The Federal Reserve left its key interest rate steady on Wednesday and reaffirmed that it now sees two rate cuts this year. Officials did, however, accept rising economic uncertainty as inflation rises and growth eases.
In its quarterly economic forecasts, the Fed lowered this year’s growth forecast and that of next year while expecting the unemployment rate to rise to 4.4% by year-end. It also expects inflation to increase moderately to 2.7%, higher than the central bank target of 2%.
The economic outlook is more uncertain,” the Fed said after its two-day policy session. This puts the central bank in a sensitive position: increasing inflation generally justifies keeping interest rates steady or increasing them, while slowing growth and increasing joblessness tend to lead to rate cuts to revive the economy.
This is the second straight meeting in which the Fed has left rates at around 4.3%. Officials are carefully weighing the impact of policies of the Trump administration, including tariffs, which economists expect will rise temporarily to boost inflation. In contrast, deregulation steps could reduce costs and alleviate inflationary pressures.

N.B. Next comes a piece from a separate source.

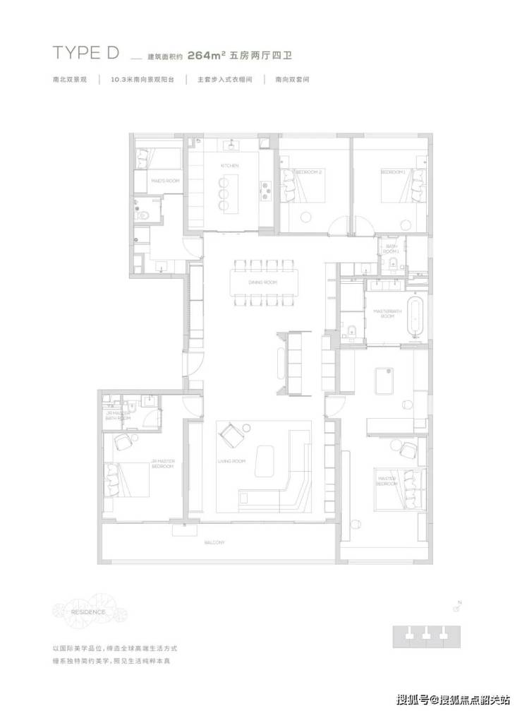264㎡五房两厅四卫:超奢华四件套南向主卧、6.6米巨型方厅、专属家政空间,彰显尊贵身份;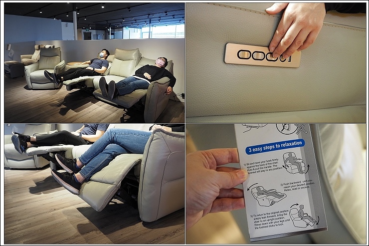 全能休閒椅是進口義大利全牛皮製,符合人體工學的設計,身體背部到大腿都能緊貼,包覆性很夠,連靠枕也能調整高度,腳身直跨在單椅上,非常舒服又放鬆,可以看雜誌聽聽音樂,我則是覺得躺著舒服直接睡個午覺剛剛好,很適合家裡有空間放,買回家孝敬長輩,老人家邊看電視邊打盹超放鬆。左至右Viva2、Angelo 2、Leone2三款,每張坐起來還是有些不同,我個人喜歡紮實一點的躺感,朋友則是喜歡較軟的舒適度,躺過才知道身體喜歡哪一張。

Moreover, the Fed stated it would ease the speed at which it would roll over its Treasury holdings, only allowing $5 billion to mature every month instead of $25 billion. This will tend to support long-term interest rates at a lower level. Treasury yields moved lower in response.
Goldman Sachs economists forecast tariffs may lift inflation to 3% by the end of the year. Consumer attitudes are also changing, with retailers reporting that consumers are more cautious. Barclays has dramatically cut its growth forecast for the US to only 0.7%, down from 2.5% last year.
While inflation expectations rise, the Fed keeps a keen eye, seeking to manage prices without sacrificing economic stability.